● Dataset extract
※
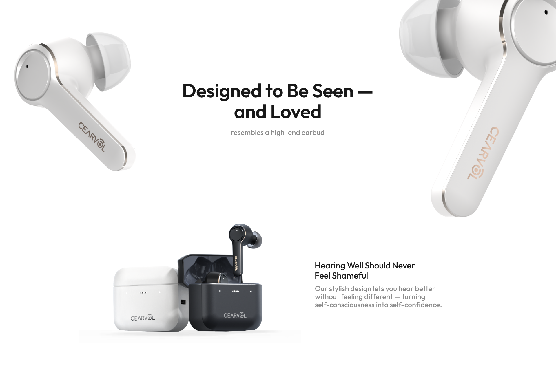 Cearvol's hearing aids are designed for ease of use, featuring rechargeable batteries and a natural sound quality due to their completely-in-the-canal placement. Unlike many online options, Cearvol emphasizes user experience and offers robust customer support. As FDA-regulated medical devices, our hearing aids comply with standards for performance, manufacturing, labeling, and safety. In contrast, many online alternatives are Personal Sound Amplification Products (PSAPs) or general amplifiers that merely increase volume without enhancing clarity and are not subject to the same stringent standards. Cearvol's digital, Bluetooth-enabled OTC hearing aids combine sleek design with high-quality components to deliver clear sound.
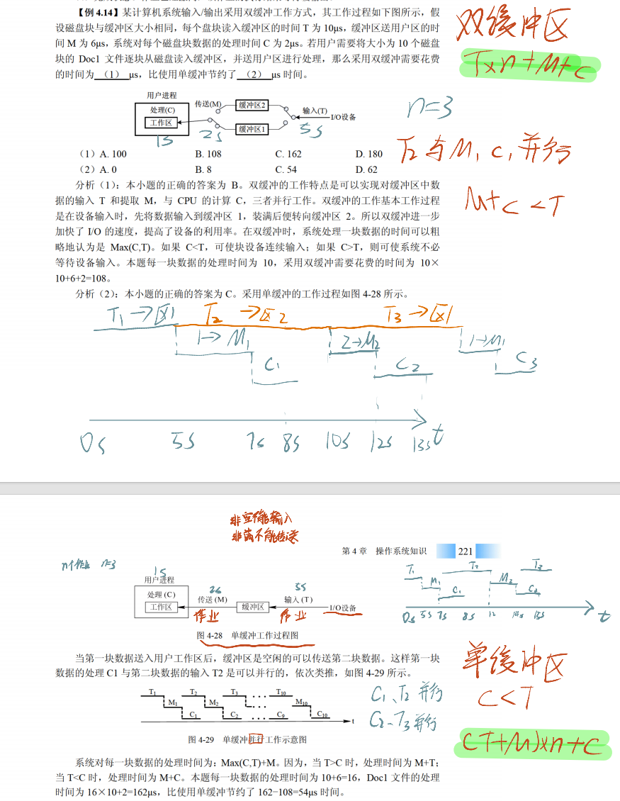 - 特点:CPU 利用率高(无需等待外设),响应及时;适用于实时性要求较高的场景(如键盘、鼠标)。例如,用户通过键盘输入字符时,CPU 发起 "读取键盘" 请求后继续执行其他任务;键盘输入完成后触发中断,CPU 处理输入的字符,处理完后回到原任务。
※
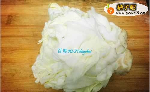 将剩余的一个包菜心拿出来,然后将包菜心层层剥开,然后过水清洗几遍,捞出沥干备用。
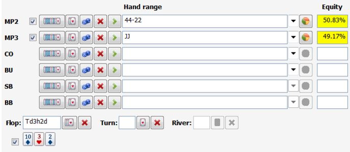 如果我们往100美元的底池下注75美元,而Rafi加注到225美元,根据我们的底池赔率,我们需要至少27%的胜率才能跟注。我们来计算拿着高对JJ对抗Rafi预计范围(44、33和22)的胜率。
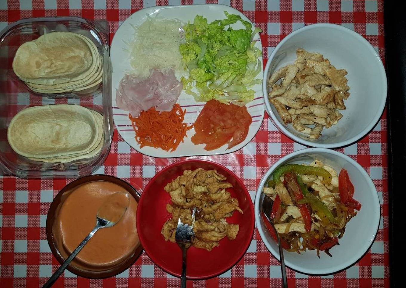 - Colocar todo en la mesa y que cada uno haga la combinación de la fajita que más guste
※
● Instructions to follow
Output should consist of the lines above from the one with "如果我们往100美元的底池下" down to the one with "- Colocar todo", exact and without pictures.

● Task output
 如果我们往100美元的底池下注75美元,而Rafi加注到225美元,根据我们的底池赔率,我们需要至少27%的胜率才能跟注。我们来计算拿着高对JJ对抗Rafi预计范围(44、33和22)的胜率。
 - Colocar todo en la mesa y que cada uno haga la combinación de la fajita que más guste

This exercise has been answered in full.